Add testdata for Analytics based on Tines new Excel
Closed this issue ยท 10 comments
See attached file.
The line-data from this excel-file would be perfect for the Reporting BC too. The test-data in Reporting right now is very limited. Should we create a separate issue for that @cathinkaw or can this issue include testdata for both BCs?
Very good point, @esp0 ! I think that should be a separate issue as they are separate bounded context. But it can of course links to this and if someone takes it after this one is done they can maybe be inspired by what has been done here? Can you create it?
@agnetedjupvik i just got a new version of the testdata file from @tineml. I updated the one in the issue description ๐
Question: The data format is changed in the new test data (see the old format here. Should I change it so that the new format applies everywhere? There aren't that many changes, and the new format mostly expands on the old one.
Alternatively, we can keep them both for now.
This is a quick overview of their two:
Old format | New format |
---|---|
CaseReportId | |
DataCollectorId | DataCollector |
HealthRisk | HealthRisk |
Origin | |
Message | |
NumberOfMalesUnder5 | MalesUnder5 |
NumberOfMalesAged5AndOlder | MalesOver5 |
NumberOfFemalesUnder5 | Under5 |
Total | |
Male | |
Female | |
Longitude | LatLong |
Latitude | |
Timestamp | Time |
Date | |
Date2 | |
Time | |
ISOWeek | |
Status | |
Region | |
District | |
village |
Good point!!! There have probably been some versions of testdata and also of the platform.
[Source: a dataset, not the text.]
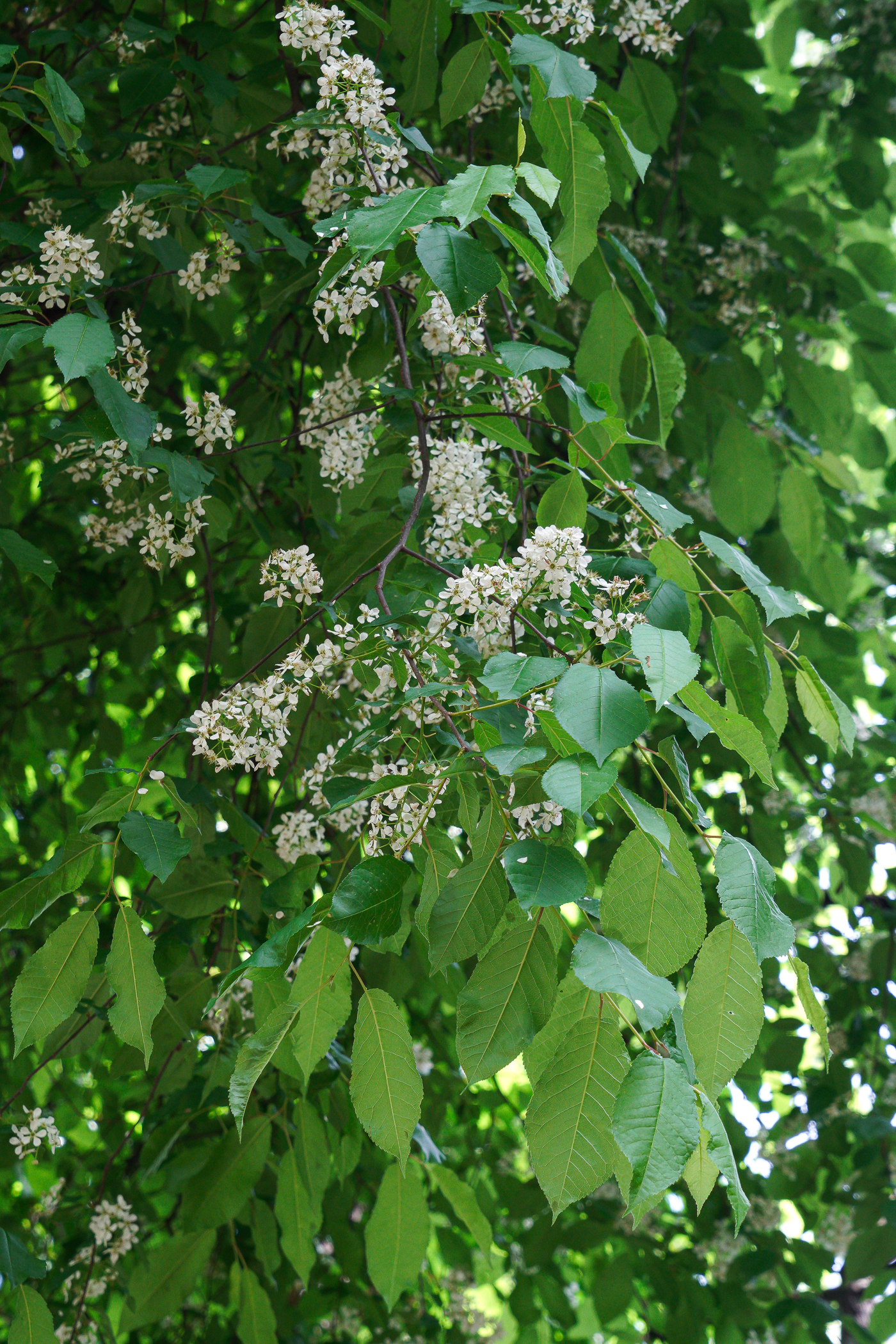 꽃은 5월에 흰색으로 피며 새가지 끝에서 지름 1∼1.5cm의 꽃이 총상꽃차례로 달린다. 꽃차례는 길이 10∼15cm로 털이 없고 밑부분에 잎이 있으며 작은꽃자루에도 털이 없다. 암술은 1개, 수술은 20여개이며 꽃잎과 꽃받침잎은 각각 5개씩이고 꽃받침에는 털이 없다. 꽃이 필 때는 나무 전체가 꽃으로 뒤덮인다. 열매는 핵과로 둥글고 6∼7월에 검게 익는다.

The test data is based on export from Somaliland version of the platform with additional columns we wanted, and export should have these columns but without "date2" (this column is there as we needed to make a formula for changing date format- so date2 column is the right date format and we should have only one column for date). It should also have last two additional columns for "message" and "errors". Also seeing now that "total" column is before male and female in the testdata. Total should be the last column. Sorry! seeing I focused on getting content in for a dataset and didnt look properly over titles. They have been updated by Espen after feedback from Mozambique. Columns below have these new titles which are the correct ones:
Males under 5 | Males 5 or older | Females under 5 | Females 5 or older | Total under 5 | Total 5 or older | Total females | Total males
long/lat is because export now put it in one column. When registering volunteers this info goes in to different fields, so dont know why it ends up in one now. if we want to use this for manual analysis from excel, it is better if it is in two columns.
Time can be time
For casereportID, we don't have this in the exports now, but this is good if it makes us see duplicates..?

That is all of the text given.